● THE TASK
Please restate each line of the material word for word and omit any pictures.

● DATA SECTION
# # # # #
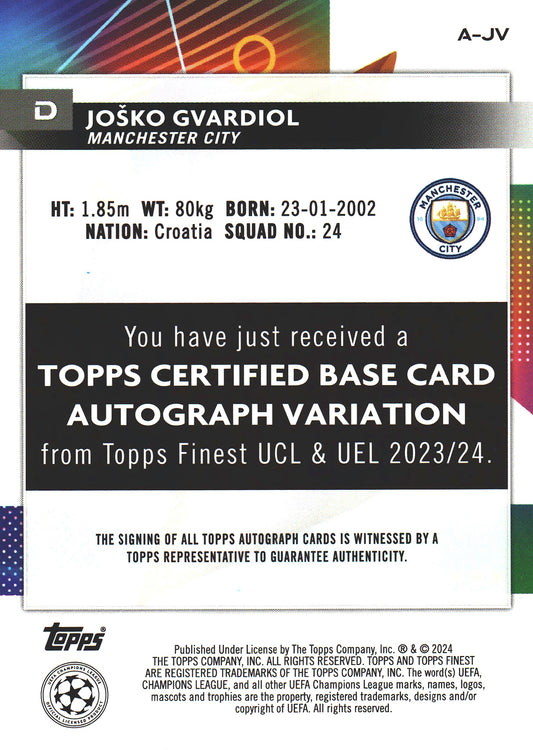 2023 Topps Finest UCC Autograph Josko Gvardiol #A-JV Manchester City
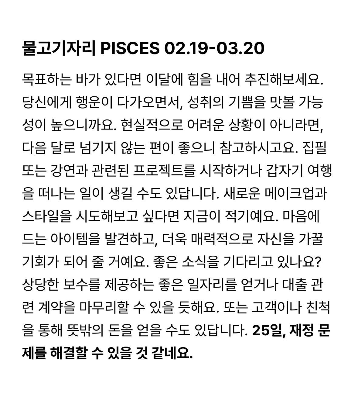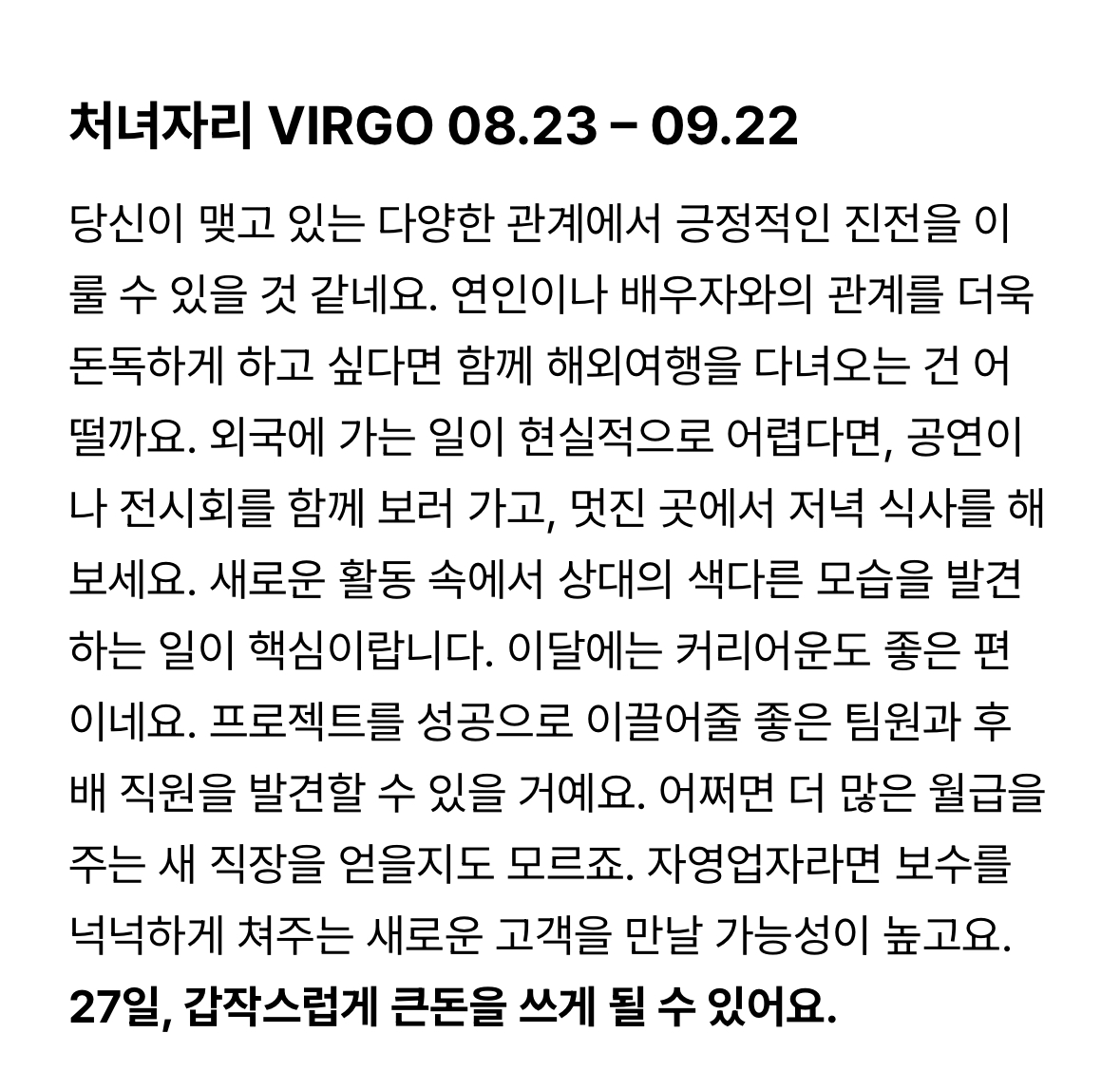 [기타]W KOREA 3월 별자리 운세 작성자라브|작성시간24.03.01|조회수1,686 목록 댓글 75 글자크기 작게가 글자크기 크게가 다음검색 현재 게시글 추가 기능 열기 북마크 공유하기 신고 센터로 신고 댓글 댓글 75 댓글쓰기 답글쓰기 댓글 리스트 작성자Hap합 | 작성시간 24.03.02 복채 작성자청바지마가레뜨 | 작성시간 24.03.02 복채 작성자예뻐 보여 | 작성시간 24.03.02 복채 작성자유가을 | 작성시간 24.03.02 복채 작성자결혼해줄꺼아님 웃지마 | 작성시간 24.03.03 복채 댓글 전체보기
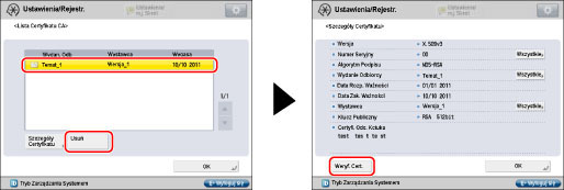 Istnieje możliwość potwierdzenia ustawień zarejestrowanych certyfikatów CA. Istnieje również możliwość usuwania niepotrzebnych certyfikatów CA.
# # # # #
● ANSWER TO THIS EXERCISE
 2023 Topps Finest UCC Autograph Josko Gvardiol #A-JV Manchester City
 [기타]W KOREA 3월 별자리 운세 작성자라브|작성시간24.03.01|조회수1,686 목록 댓글 75 글자크기 작게가 글자크기 크게가 다음검색 현재 게시글 추가 기능 열기 북마크 공유하기 신고 센터로 신고 댓글 댓글 75 댓글쓰기 답글쓰기 댓글 리스트 작성자Hap합 | 작성시간 24.03.02 복채 작성자청바지마가레뜨 | 작성시간 24.03.02 복채 작성자예뻐 보여 | 작성시간 24.03.02 복채 작성자유가을 | 작성시간 24.03.02 복채 작성자결혼해줄꺼아님 웃지마 | 작성시간 24.03.03 복채 댓글 전체보기
 Istnieje możliwość potwierdzenia ustawień zarejestrowanych certyfikatów CA. Istnieje również możliwość usuwania niepotrzebnych certyfikatów CA.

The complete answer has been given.